» Work request:
Leaving the pictures aside, reproduce the data in full and word for word.

- - - -

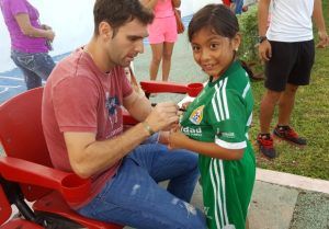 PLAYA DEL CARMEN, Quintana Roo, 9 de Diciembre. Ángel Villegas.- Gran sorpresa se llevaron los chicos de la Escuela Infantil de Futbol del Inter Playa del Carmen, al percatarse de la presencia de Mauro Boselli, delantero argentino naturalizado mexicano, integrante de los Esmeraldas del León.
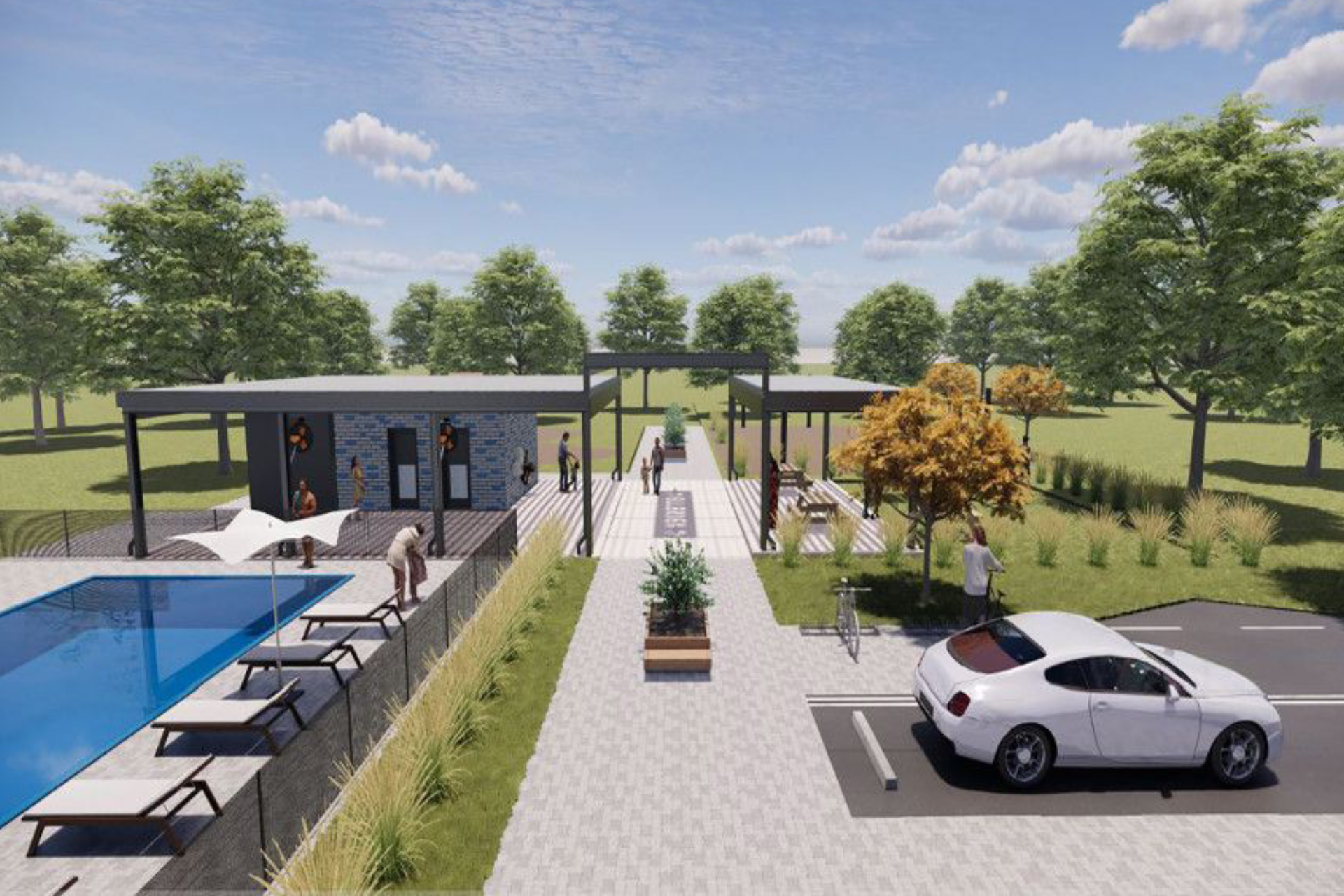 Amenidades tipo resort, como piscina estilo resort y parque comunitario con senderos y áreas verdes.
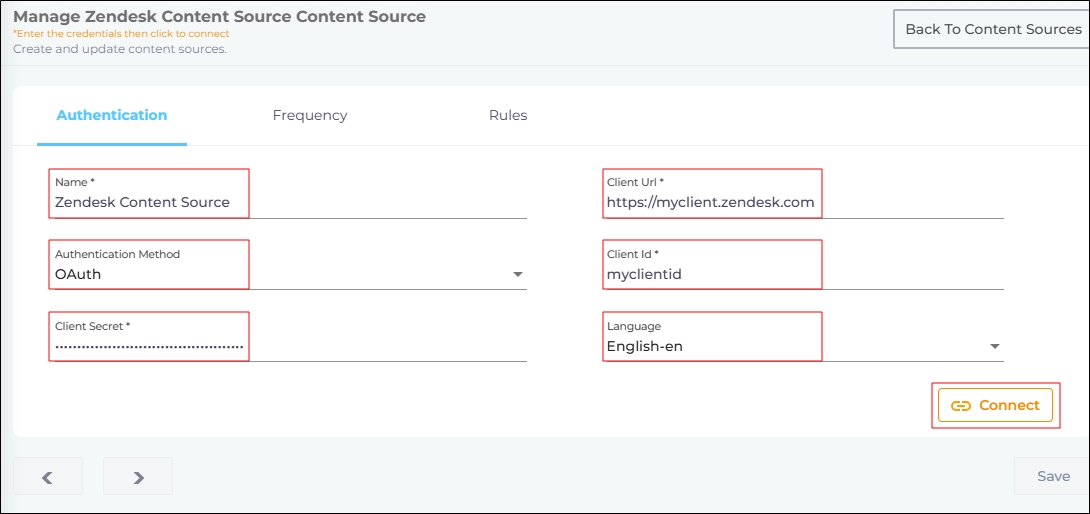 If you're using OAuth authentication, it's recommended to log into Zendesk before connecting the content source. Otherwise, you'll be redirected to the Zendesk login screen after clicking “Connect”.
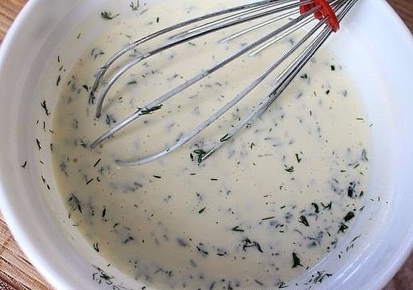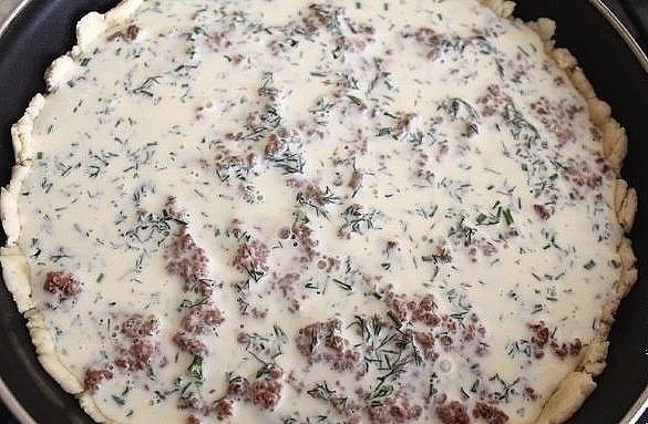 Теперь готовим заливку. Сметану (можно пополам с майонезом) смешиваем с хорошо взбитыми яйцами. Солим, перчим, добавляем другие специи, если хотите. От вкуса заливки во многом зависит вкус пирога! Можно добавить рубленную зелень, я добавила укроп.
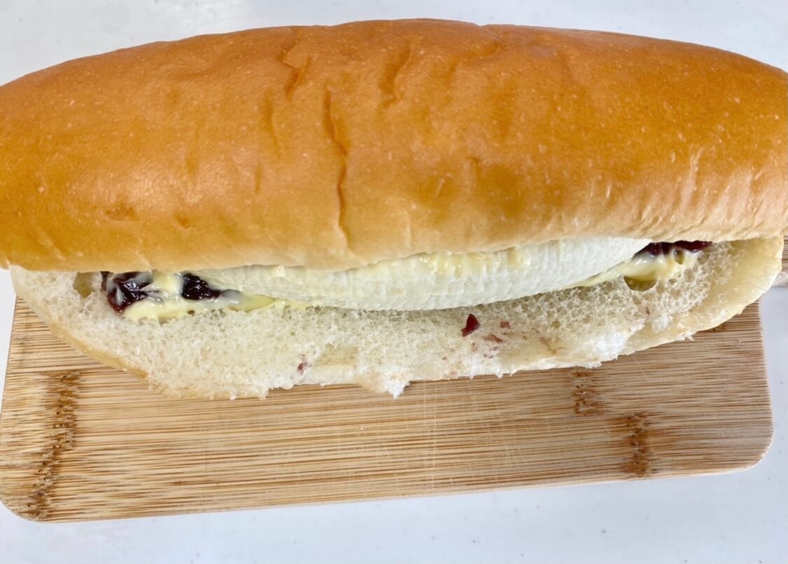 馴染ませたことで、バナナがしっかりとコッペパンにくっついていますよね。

- - - -

» Result for this task:
 PLAYA DEL CARMEN, Quintana Roo, 9 de Diciembre. Ángel Villegas.- Gran sorpresa se llevaron los chicos de la Escuela Infantil de Futbol del Inter Playa del Carmen, al percatarse de la presencia de Mauro Boselli, delantero argentino naturalizado mexicano, integrante de los Esmeraldas del León.
 Amenidades tipo resort, como piscina estilo resort y parque comunitario con senderos y áreas verdes.
 If you're using OAuth authentication, it's recommended to log into Zendesk before connecting the content source. Otherwise, you'll be redirected to the Zendesk login screen after clicking “Connect”.
 Теперь готовим заливку. Сметану (можно пополам с майонезом) смешиваем с хорошо взбитыми яйцами. Солим, перчим, добавляем другие специи, если хотите. От вкуса заливки во многом зависит вкус пирога! Можно добавить рубленную зелень, я добавила укроп.
 馴染ませたことで、バナナがしっかりとコッペパンにくっついていますよね。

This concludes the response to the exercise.